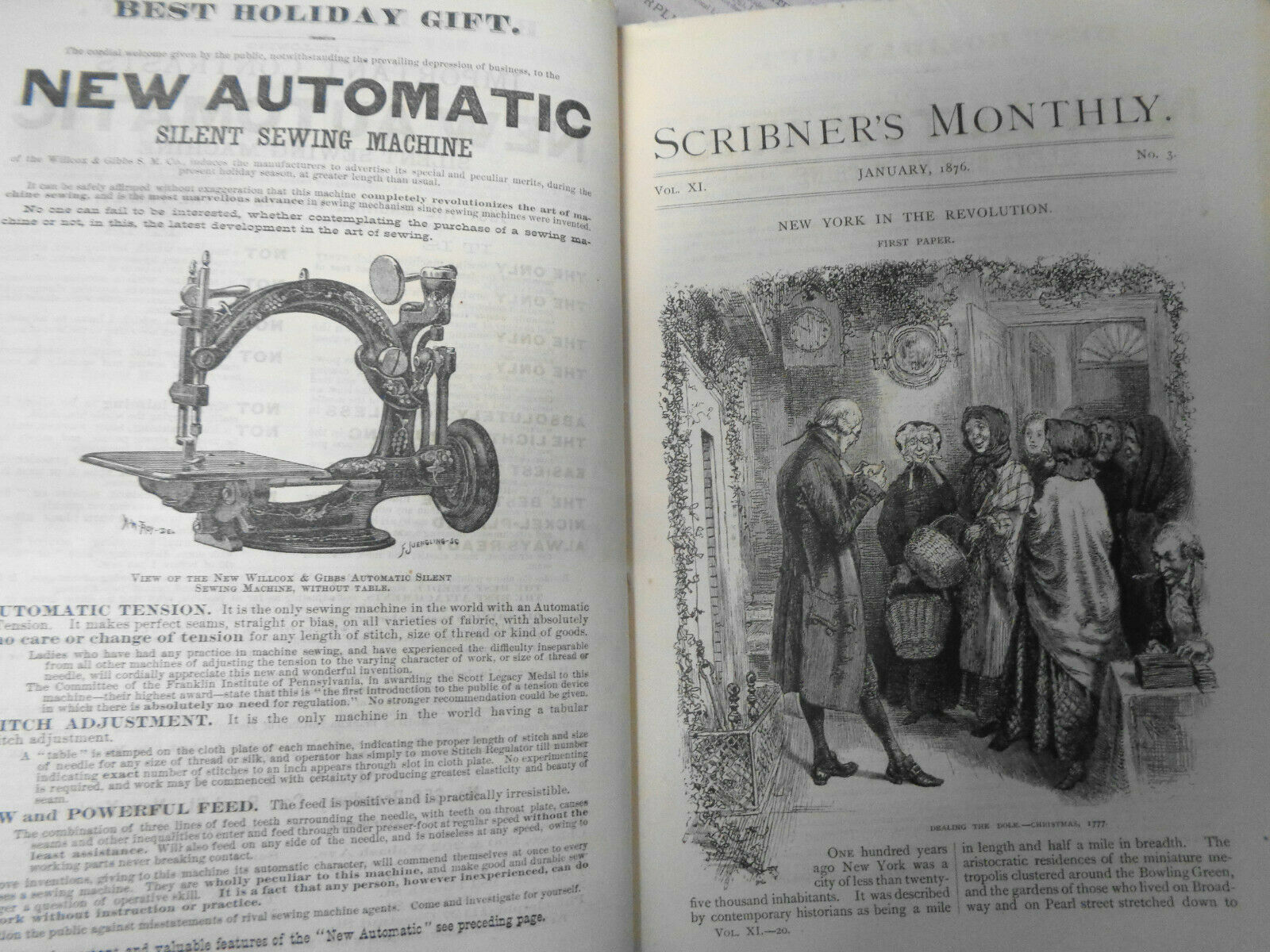 Lot of two issues of Scribner's Magazine 1876 January & February - New York in the Revolution, Bret Harte, Edward Everett Hale, etc
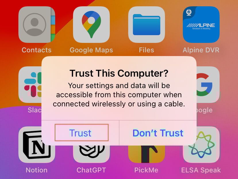 - Wait for a prompt that says “Trust This Computer?” and tap Trust.
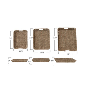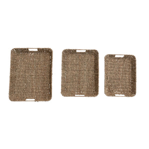 Natural hand-woven seagrass and metal decorative trays with handles. 3 Sizes available (each sold separately).
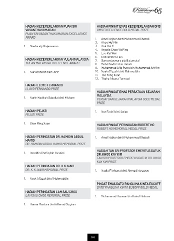 DR. K. K. NAIR MEMORIAL PRIZE 1. Nadia Fitriyana binti Ahmad Narzaray
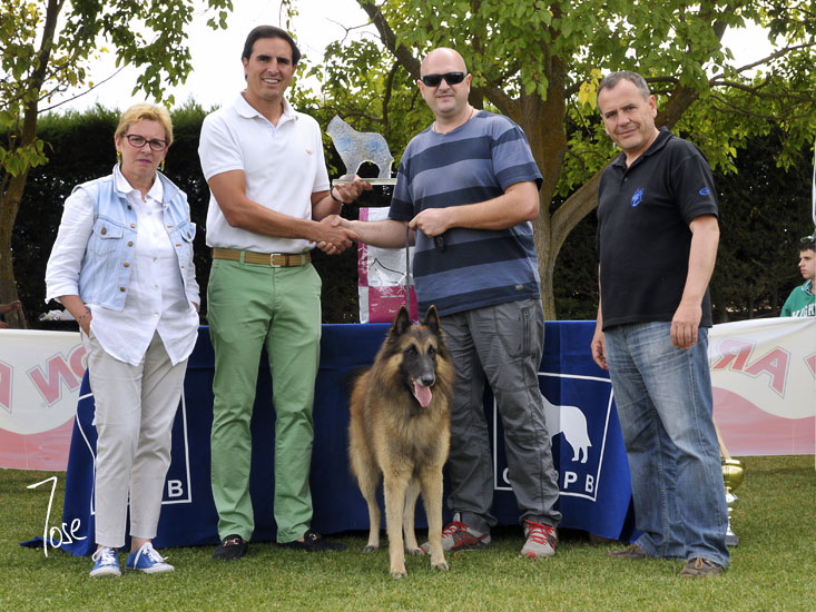 Entrega del Trofeo de Gran Campeón de Club 2014, conseguido por el macho Tervueren Kent d’Aquivelt. Su propietario Manolo recibe el precioso trofeo de manos de Guzmán Gómez, Alcalde de Nava del Rey, en presencia de Marina Fano y Jorge Saucedo respectivamente, Vicepresidenta y Presidente del CEPPB |

* [Assignment] Exact copies of the entries above are needed, without their pictures.

* [Finished exercise]
 Lot of two issues of Scribner's Magazine 1876 January & February - New York in the Revolution, Bret Harte, Edward Everett Hale, etc
 - Wait for a prompt that says “Trust This Computer?” and tap Trust.
 Natural hand-woven seagrass and metal decorative trays with handles. 3 Sizes available (each sold separately).
 DR. K. K. NAIR MEMORIAL PRIZE 1. Nadia Fitriyana binti Ahmad Narzaray
 Entrega del Trofeo de Gran Campeón de Club 2014, conseguido por el macho Tervueren Kent d’Aquivelt. Su propietario Manolo recibe el precioso trofeo de manos de Guzmán Gómez, Alcalde de Nava del Rey, en presencia de Marina Fano y Jorge Saucedo respectivamente, Vicepresidenta y Presidente del CEPPB |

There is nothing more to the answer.